Publisher: Random House, www.atrandom.com
Location: New York
Cover: Robin Schiff, Robert Doisneau
reviewed by: Lynard Barnes 9/15/2010
Summary: The eve of Nazi Germany’s invasion of the Balkans and the life of senior police office Constantine “Costa” Zannis.
Perhaps the most enjoyable aspect of reading a novel placed in an historical context is anticipating what the story and the characters do at some portentous historical moment. In Alan Furst’s SPIES OF THE BALKANS, we have the added enjoyment of experiencing ordinary people doing ordinary things even at extraordinary moments.
SPIES OF THE BALKANS plops us down into the life of Costatine “Costa” Zannis, “a senior police official” in the city of Solonika. There is nothing extraordinary about Zannis. But at the time we enter his life, the Greco-Italian War has just started. On the horizon is the Balkans Campaign of World War II, which starts in April 1941 and the eventual occupation of Salonika by Nazi Germany.
Before the fall, before the plaid, not uncommon police official Zannis is pushed by the events of history to abandon his niche in Solonika, he is buffeted by, at the time, some not so uncommon events to perform acts of human decency. This is the extraordinary and thoroughly enticing element of SPIES OF THE BALKANS. That the mundane currents of life propel people into exceptional acts is the real story of this novel. Costa Zannis is ordinary in practically every sense of the word. True, his “police official” designation is a bit outside the norm. But the totality is ordinariness. This in spite of the web of British and German spies transiting the little sphere of his influence. Then again, even the spies are not extraordinary in the sense of James Bonds or Mata Hari. British spies collecting information, German spies taking photographs-it all seems so pedestrian.

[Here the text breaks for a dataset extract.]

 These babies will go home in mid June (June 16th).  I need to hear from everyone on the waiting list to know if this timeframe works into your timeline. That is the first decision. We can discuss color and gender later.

There is plenty of high octane adventure in this novel. Zannis meets a German woman, Emilia Krebs, who has taken it upon herself to help Jews and others prosecuted by the Nazis. Krebs is one of the traffic managers on the routes out of Germany allowing the prosecuted to escape. The “police official” in Zannis compels him to help. Or does it? Is there something more? The author has drawn Costa Zannis so well that the character’s decision to hope on a train, travel to Paris and help a German couple escape to Budapest and then Belgrade seems merely like the folding of a piece of paper in upon itself. And all the attendant steps he takes to shield others from the consequences of his action in the event he is caught or the German come-as they eventually do-are a signature of what we as readers expect.

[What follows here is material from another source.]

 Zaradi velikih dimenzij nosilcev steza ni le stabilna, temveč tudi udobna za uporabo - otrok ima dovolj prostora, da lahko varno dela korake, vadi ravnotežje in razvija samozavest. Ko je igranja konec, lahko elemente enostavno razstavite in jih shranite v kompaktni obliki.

The reader comes to feel that everything about the lives of the characters in SPIES OF THE BALKANS is understated. And why shouldn’t it be. With millions dying on battlefields and in concentration camps, how extraordinary can one man’s life be except its simplicity. Furst melds history and the commonplace with an incredible insight into what is really important in life. Read SPIES OF THE BALKANS. You will enjoy both the history and the life lesson.